Philip Guenther wrote:
Well, I am amazed. I guess I just have to do some more investigation into
workarounds for this, as RAM-based tmpfs file systems will get full very
quickly with shared memory segments, and large segments result in high disk
activity when munmap() is called. And SysV shared memory is too limiting for
my purposes.
Could you clarify what underlying problem you're trying to solve?
Maybe there's just a misunderstanding about the POSIX APIs, or about
how OpenBSD implements them, or what alternative APIs exist.
Philip Guenther
Basically:
1. shm_mkstemp() will result in the creation of a file with a long
random name in /tmp, which is quite small on the target system (512M
mfs). The system has 4GB of RAM.
- The buffers tend to be somewhat large (several dozen MB
occasionally). I cannot create a shared memory segment larger than the
remaining free space on the /tmp FS. This creates an issue where
multiple applications have a buffer each.
- On a system where /tmp is a disk partition, this file does not
actually occupy any space until munmap() is called; this results in a
long pause as it writes the data to the disk.
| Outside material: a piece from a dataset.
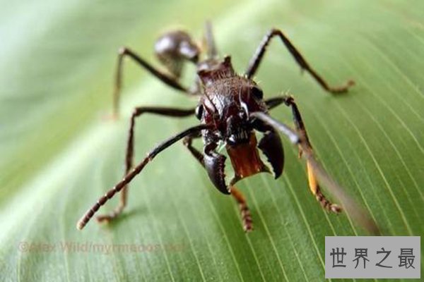 子弹蚁是世界上体型最大的蚂蚁之一 ,它带有极强的攻击性,尾巴上的毒刺更是它的秘密武器,许多大型动物都逃不开,被它叮咬之后会有终身难忘的剧痛感,轻症会几个小时不能动弹,重症会直接死亡。
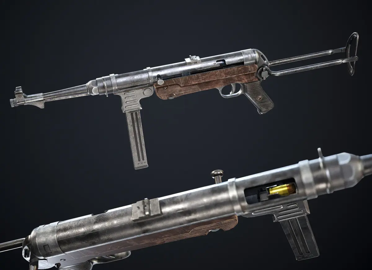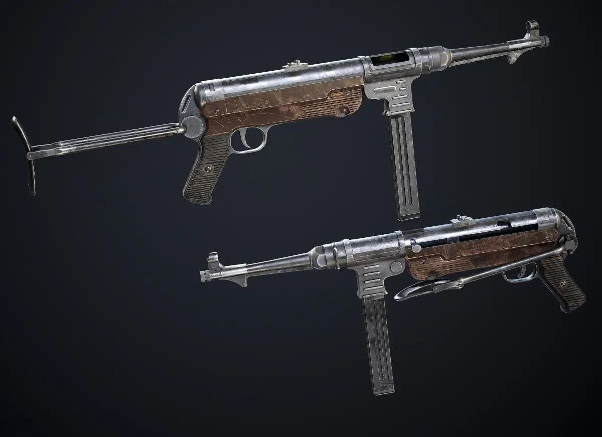 Another iconic gun of AXIS powers. The MP 40 (Maschinenpistole 40) is a submachine gun chambered for the 9×19mm Parabellum cartridge. It was developed in Nazi Germany and used extensively by the Axis powers during World War II. It was modeled in 3ds Max, textured in Substance painter. It has one 4k texture set, clean, game ready topology that it can be seen in marmoset viewer attached in the last picture. Polys: 9254 Verts: 9417

This occurs even if shm_unlink() is called before the unmap/close.
In fact, shm_unlink() is called immediately after shm_mkstemp(), because
I only am interested in the descriptor from now on. This disk write is
unnecessary for shared memory; I don't want the file to persist at all.
When both the application and server are done with the buffer, all
should be gone.
- The only way to resolve the issue with disk I/O is to call
ftruncate(fd, 0) before munmap(), and even this only works where /tmp is
a huge MFS partition or a huge disk partition.
- There is a brief point in time (between shm_mkstemp() and
shm_unlink()) where a rogue application can grab the buffer file, call
ftruncate(), and map its contents, without either my server or
applications knowing. Whilst file permissions are good at stopping other
users accessing the segment, this goes against the idea that the app
To summarise, the major issue I am having is that the "shared memory"
buffer looks like a file on disk, and acts like a file on disk, rather
than a section of memory that I am sharing in between processes. As a
result, I need to have a huge /tmp file system just to accommodate the
buffer, regardless of how much RAM I have.
The problem I have with the SysV shm* API is that it gets hard to clean
up shared memory segments. Whilst that I can live with to some degree,
the biggest issue with it is the 32MB limit per segment
(kern.shminfo.shmmax).